White-Box AI Model: Next Frontier of Wireless Communications
Jiayao Yang, Jiayi Zhang, Bokai Xu, Jiakang Zheng, Zhilong Liu, Ziheng Liu, Dusit Niyato, Mérouane Debbah, Zhu Han, Bo Ai
TL;DR
The paper addresses the opacity of conventional black-box AI in 6G wireless systems by proposing White-box AI (WAI), an explainable framework built on principled theory. It integrates Bayesian inference, information bottleneck, coding-rate reduction, and finite-horizon optimization within model-driven architectures such as deep unfolding and CRATE transformers to yield transparent, verifiable optimization paths.
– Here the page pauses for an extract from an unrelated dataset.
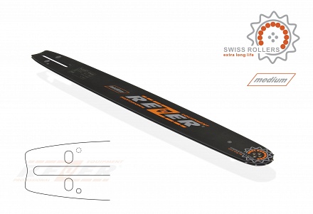 Шины Rezer со стандартным профилем для цепных пил полупрофессионального класса. Имеют усиленное крепление ведомой звездочки, что обеспечивает дополнительную устойчивость к нагрузкам и продлевает срок службы. В отличие от направляющих шин с маркировкой «slim», шины с маркировкой «medium» оснащаются более мощной цепью с толщиной ведущего звена 1,5 мм/0,058”. Длина шин от 38 до 50 см.
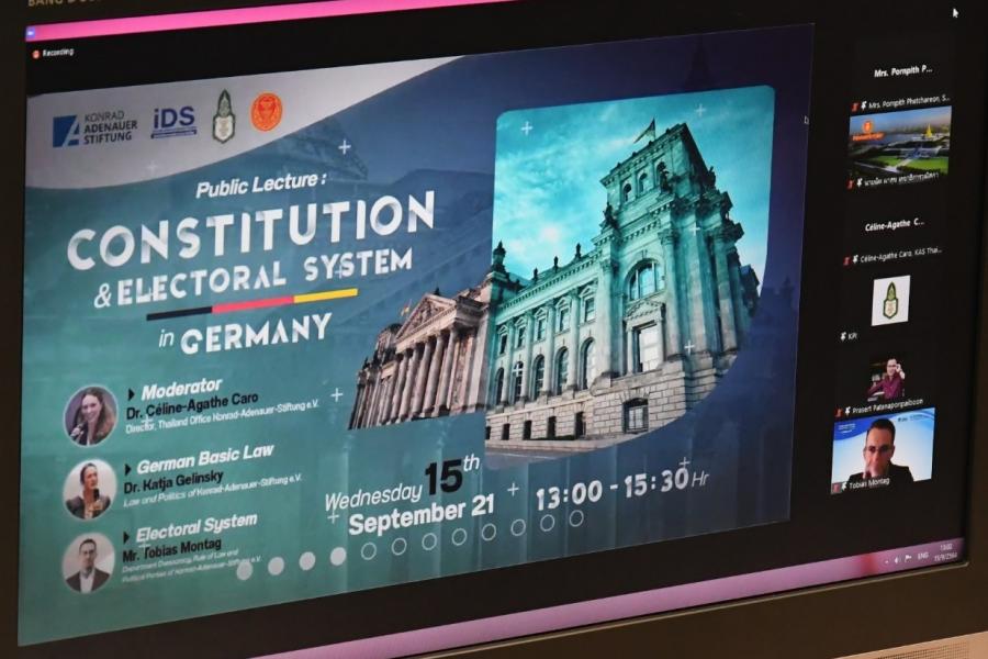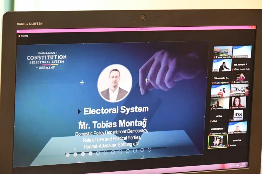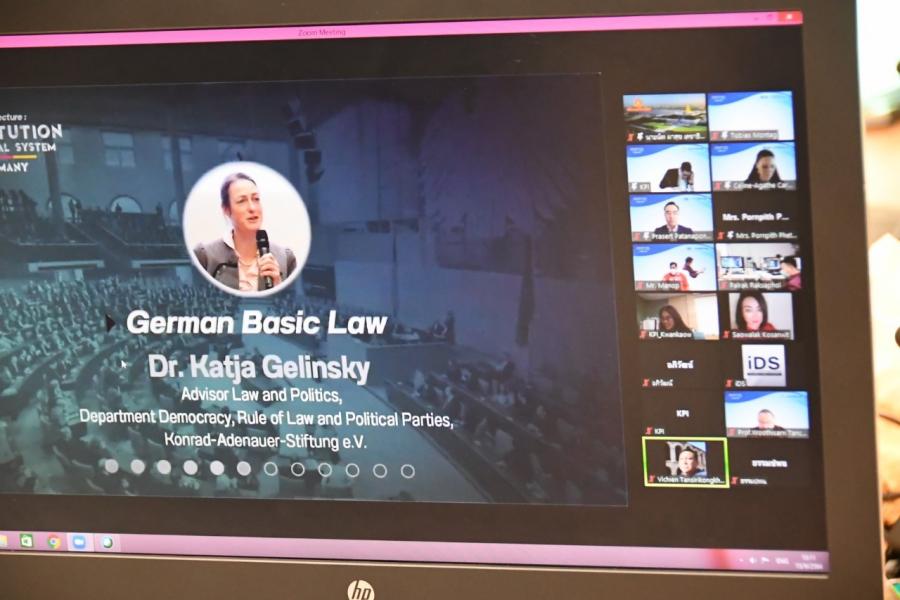 โดยการจัดงานสัมมนาในครั้งนี้ จึงมีวัตถุประสงค์เพื่อให้ท่านได้เรียนรู้ในเรื่องของรัฐธรรมนูญและกระบวนการเลือกตั้งของประเทศเยอรมนี เยอรมนีเป็นประเทศที่มีการพัฒนาประชาธิปไตยผ่านการออกแบบรัฐธรรมนูญและระบบการเลือกตั้งที่มีความน่าสนใจเป็นอย่างมาก เนื่องจากเป็นประเทศที่มีประสบการณ์ผ่านความขัดแย้งทางการเมือง และวิกฤตเศรษฐกิจครั้งใหญ่ ก่อนที่จะพัฒนามาเป็นประเทศเยอรมนีที่มีความเข้มแข็งด้านประชาธิปไตยเช่นทุกวันนี้ ดังนั้น การจัดงานสัมมนาในวันนี้จึงเป็นเวทีสำคัญ ที่ทุกท่านจะได้มีโอกาสรับฟังการถ่ายทอดความรู้และประสบการณ์จากผู้เชี่ยวชาญในเรื่องการออกแบบรัฐธรรมนูญและระบบการเลือกตั้ง และร่วมแลกเปลี่ยนความคิดเห็นในเวทีสัมมนาสาธารณะในรูปแบบออนไลน์ผ่านแอปพลิเคชัน Zoom เนื่องจากสถานการณ์การแพร่ระบาดของเชื้อไวรัสโคโรนา 2019 ยังคงแพร่ระบาดในประเทศไทยอย่างไรก็ตาม ต้องขอขอบพระคุณ ดร. กัตยา  เคลินสกี้ ผู้เชี่ยวชาญด้านกฎหมายและการเมือง ที่ปรึกษาของ อาเดเนา-ชติฟตุง และ ดร. ซาบีเนอ โพคอนยี นักวิจัยด้านการเลือกตั้งและสังคม ฝ่ายวิเคราะห์และให้คำปรึกษาของอาเดเนา-ชติฟตุง ผู้เป็นวิทยากรในวันนี้ นอกจากนี้ ขอขอบพระคุณผู้บริหารและบุคลากรจากสถาบันพระปกเกล้า สำนักงานเลขาธิการวุฒิสภา Konrad-Adenauer-Stiftung (KAS) และสถาบันศึกษาพัฒนาประชาธิปไตย (Institude of Democratization Studies: IDS) ซึ่งเป็นหน่วยงานเครือข่ายความร่วมมือทางวิชาการเพื่อสนับสนุนงานนิติบัญญัติ ที่เห็นความสำคัญของการร่วมมือจัดกิจกรรมดี ๆ ในครั้งนี้ ดิฉันเอง  มีความยินดีและคาดหวังว่าทั้ง 5 หน่วยงานเครือข่ายนี้จะสามารถบูรณาการและรังสรรค์กิจกรรมดี ๆ เพื่อสนับสนุนงานทางนิติบัญญัติต่อไปในอนาคตข้างหน้านี้อีกด้วย”

Core contributions include a modular large-scale WAI architecture with explicit pre-processing, task adaptation, and verifiable training, plus two case studies—an IB-based edge graph neural network for cell-free MIMO and a deep-unfolding PGD approach—that demonstrate improved spectrum efficiency and robustness under challenging conditions. The work highlights practical impact for reliable wireless optimization and outlines future directions in privacy, security, and edge intelligence for real-time, interpretable network operation.
Abstract
White-box AI (WAI), or explainable AI (XAI) model, a novel tool to achieve the reasoning behind decisions and predictions made by the AI algorithms, makes it more understandable and transparent. It offers a new approach to address key challenges of interpretability and mathematical validation in traditional black-box models. In this paper, WAI-aided wireless communication systems are proposed and investigated thoroughly to utilize the promising capabilities. First, we introduce the fundamental principles of WAI. Then, a detailed comparison between WAI and traditional black-box model is conducted in terms of optimization objectives and architecture design, with a focus on deep neural networks (DNNs) and transformer networks. Furthermore, in contrast to the traditional black-box methods, WAI leverages theory-driven causal modeling and verifiable optimization paths, thereby demonstrating potential advantages in areas such as signal processing and resource allocation. Finally, we outline future research directions for the integration of WAI in wireless communication systems.